• PROVIDED RECORDS
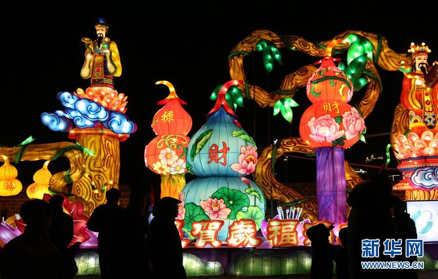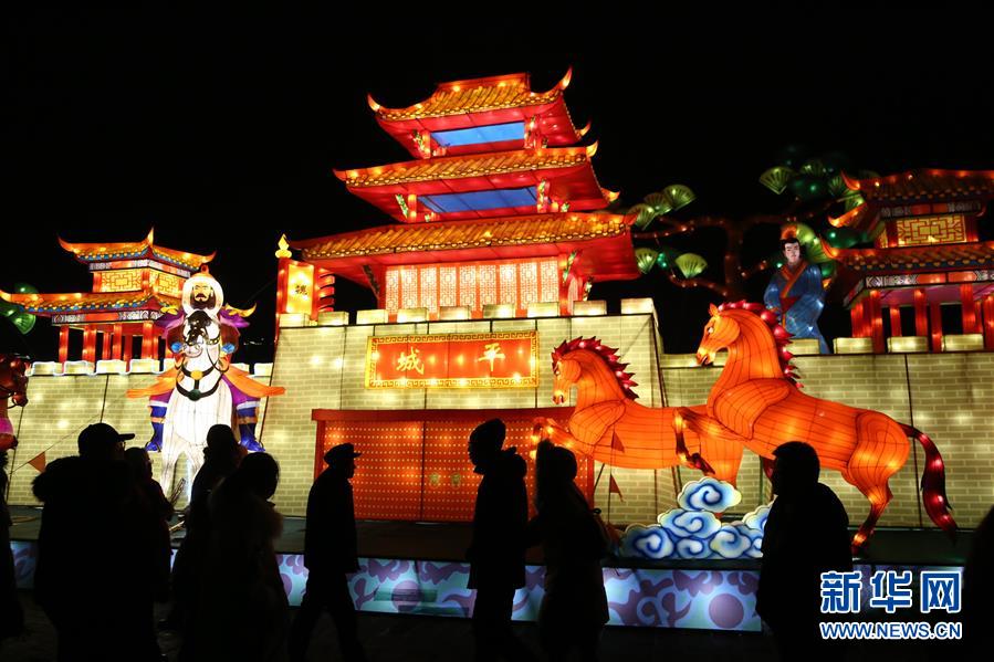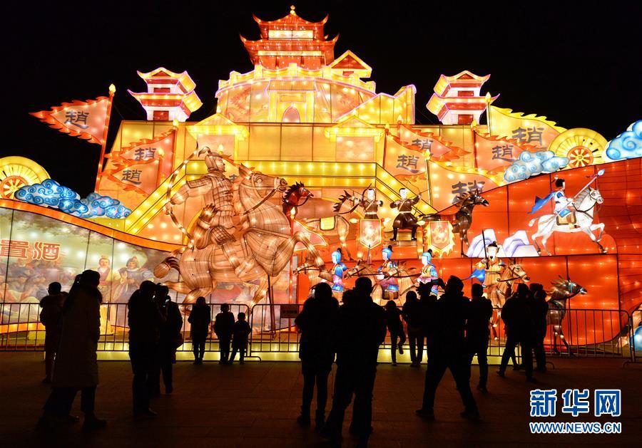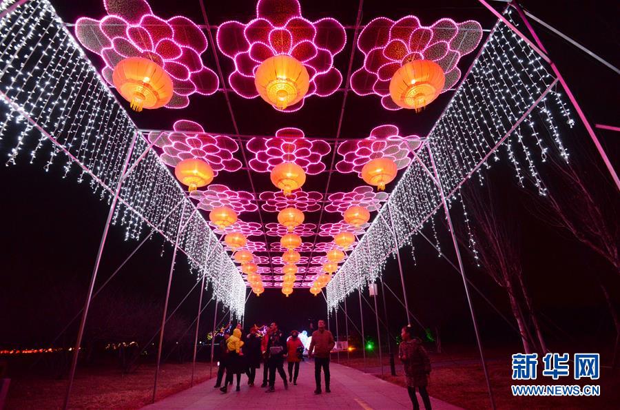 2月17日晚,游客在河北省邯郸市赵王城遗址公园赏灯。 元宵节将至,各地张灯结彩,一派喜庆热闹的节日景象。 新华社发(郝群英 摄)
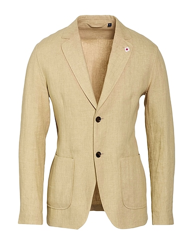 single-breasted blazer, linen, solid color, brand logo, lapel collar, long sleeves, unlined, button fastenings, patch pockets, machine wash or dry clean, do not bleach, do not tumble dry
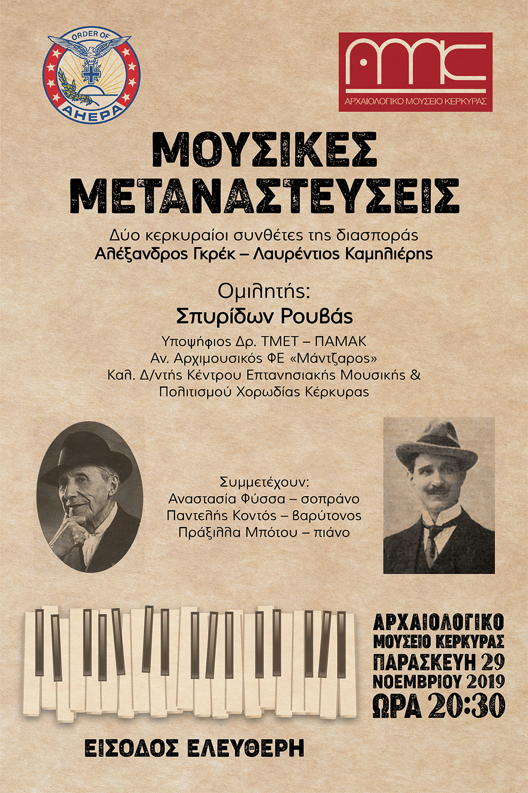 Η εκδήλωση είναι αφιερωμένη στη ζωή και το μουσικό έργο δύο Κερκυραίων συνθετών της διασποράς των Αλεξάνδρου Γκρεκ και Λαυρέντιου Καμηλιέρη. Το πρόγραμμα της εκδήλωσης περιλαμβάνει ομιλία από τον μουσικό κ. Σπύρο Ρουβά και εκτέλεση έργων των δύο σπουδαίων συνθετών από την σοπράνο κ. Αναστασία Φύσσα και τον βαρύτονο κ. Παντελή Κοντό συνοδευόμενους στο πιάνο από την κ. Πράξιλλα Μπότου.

==

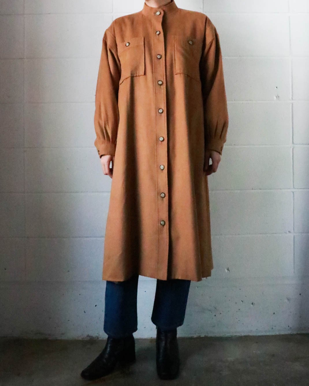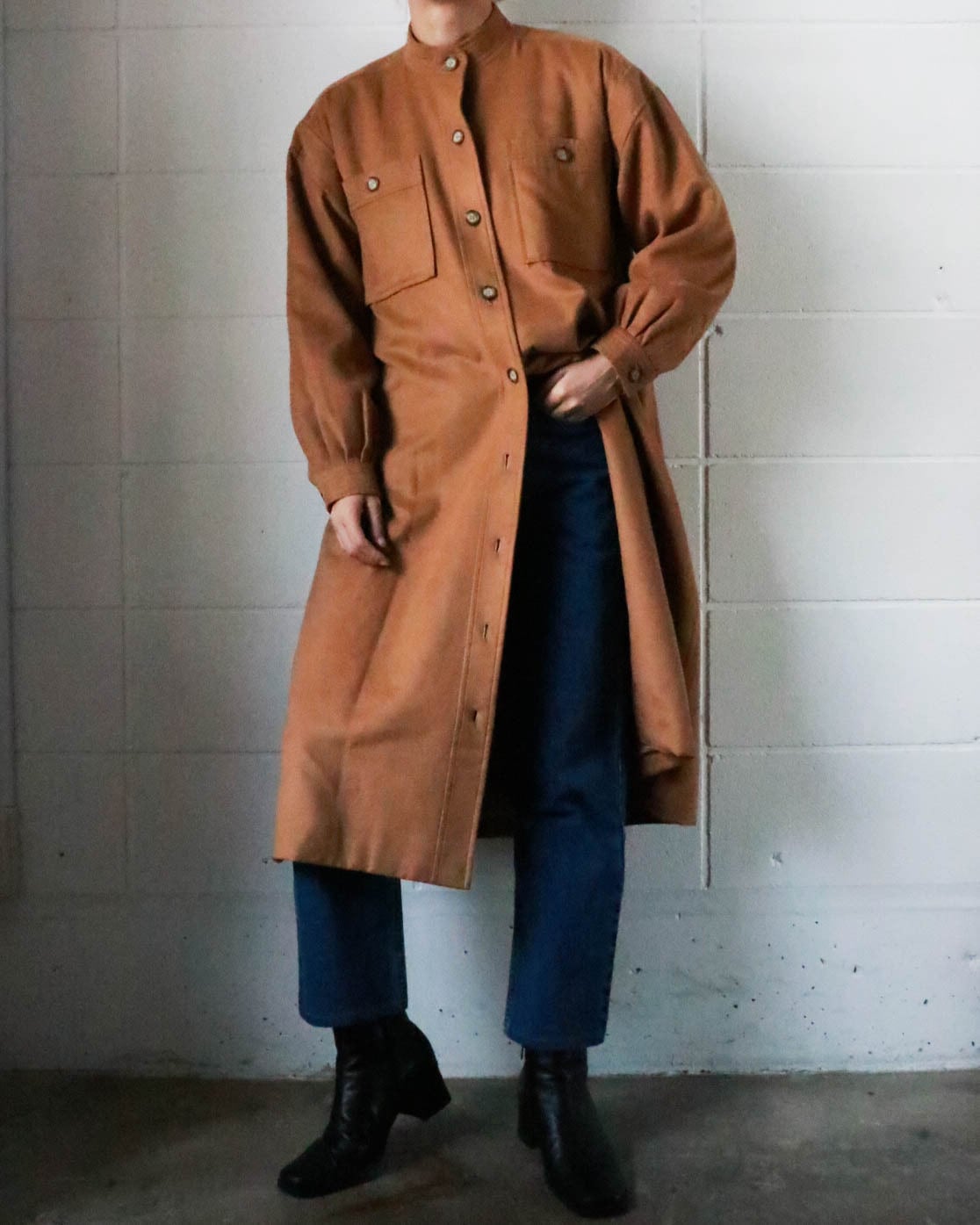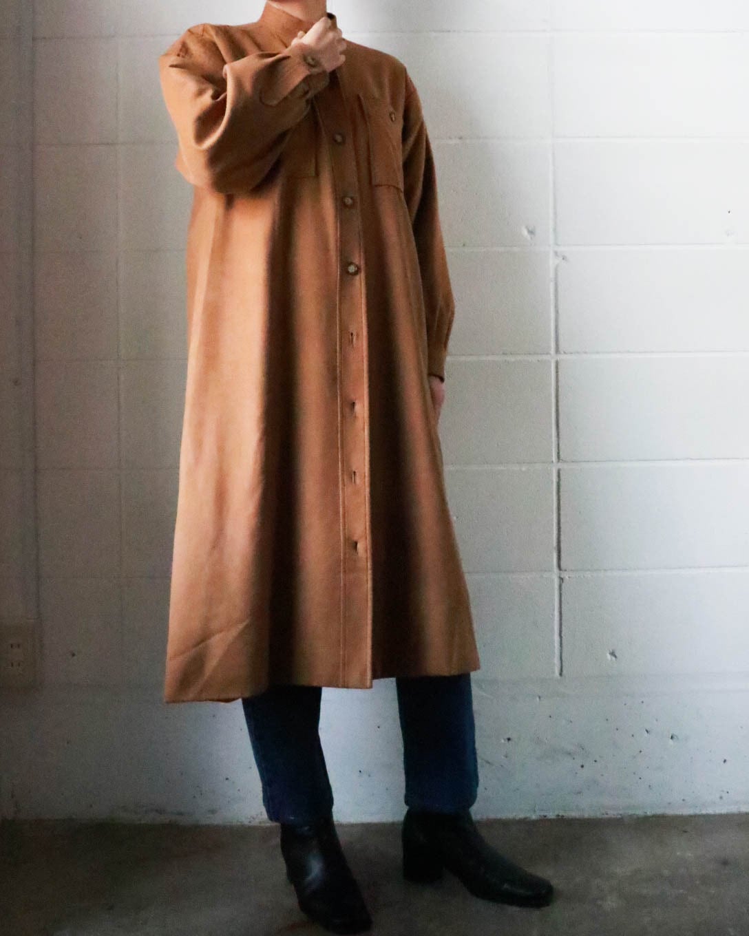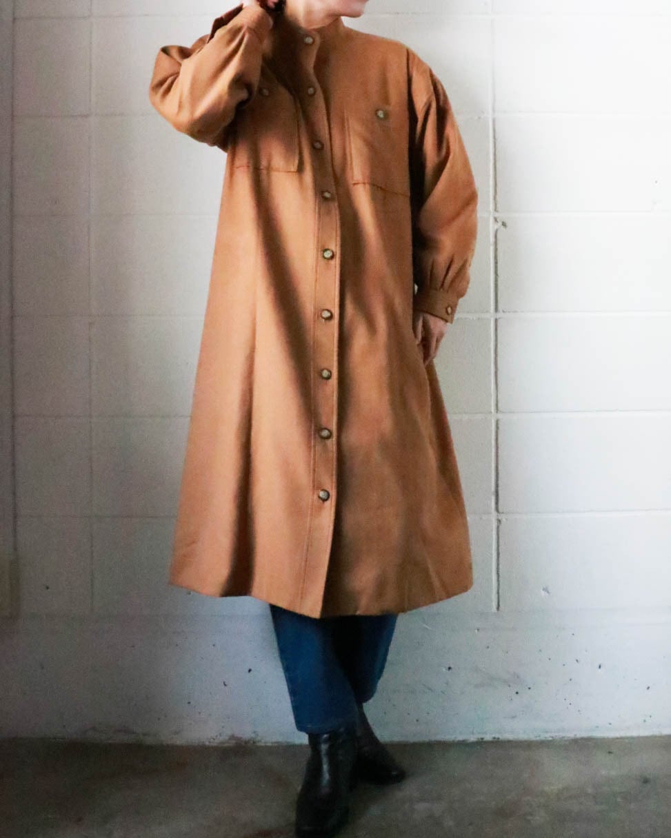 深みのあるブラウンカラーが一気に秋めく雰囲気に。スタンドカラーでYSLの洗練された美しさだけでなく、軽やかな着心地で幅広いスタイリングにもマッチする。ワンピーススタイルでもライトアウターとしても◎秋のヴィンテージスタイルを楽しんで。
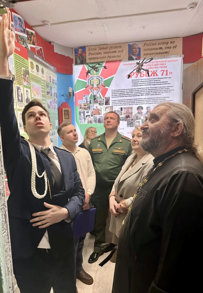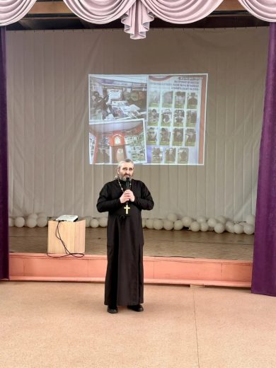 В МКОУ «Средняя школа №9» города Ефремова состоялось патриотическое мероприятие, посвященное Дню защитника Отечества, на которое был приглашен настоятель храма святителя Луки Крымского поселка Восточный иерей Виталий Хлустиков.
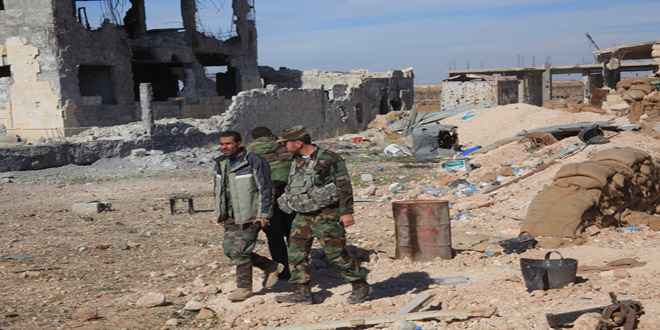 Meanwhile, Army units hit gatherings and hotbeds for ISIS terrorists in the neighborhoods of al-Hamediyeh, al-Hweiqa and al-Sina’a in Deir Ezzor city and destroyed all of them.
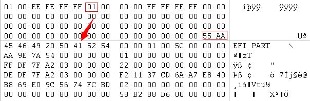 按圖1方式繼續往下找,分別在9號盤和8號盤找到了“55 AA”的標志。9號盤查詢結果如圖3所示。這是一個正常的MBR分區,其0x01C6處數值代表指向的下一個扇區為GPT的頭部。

• TRY IT
Your reply should hold nothing but the lines above, from the one containing "深みのあるブラウンカラーが一" to the one containing "按圖1方式繼續往下找,分別在", reproduced exactly minus the pictures.

• RESULT OF THE EXERCISE
 深みのあるブラウンカラーが一気に秋めく雰囲気に。スタンドカラーでYSLの洗練された美しさだけでなく、軽やかな着心地で幅広いスタイリングにもマッチする。ワンピーススタイルでもライトアウターとしても◎秋のヴィンテージスタイルを楽しんで。
 В МКОУ «Средняя школа №9» города Ефремова состоялось патриотическое мероприятие, посвященное Дню защитника Отечества, на которое был приглашен настоятель храма святителя Луки Крымского поселка Восточный иерей Виталий Хлустиков.
 Meanwhile, Army units hit gatherings and hotbeds for ISIS terrorists in the neighborhoods of al-Hamediyeh, al-Hweiqa and al-Sina’a in Deir Ezzor city and destroyed all of them.
 按圖1方式繼續往下找,分別在9號盤和8號盤找到了“55 AA”的標志。9號盤查詢結果如圖3所示。這是一個正常的MBR分區,其0x01C6處數值代表指向的下一個扇區為GPT的頭部。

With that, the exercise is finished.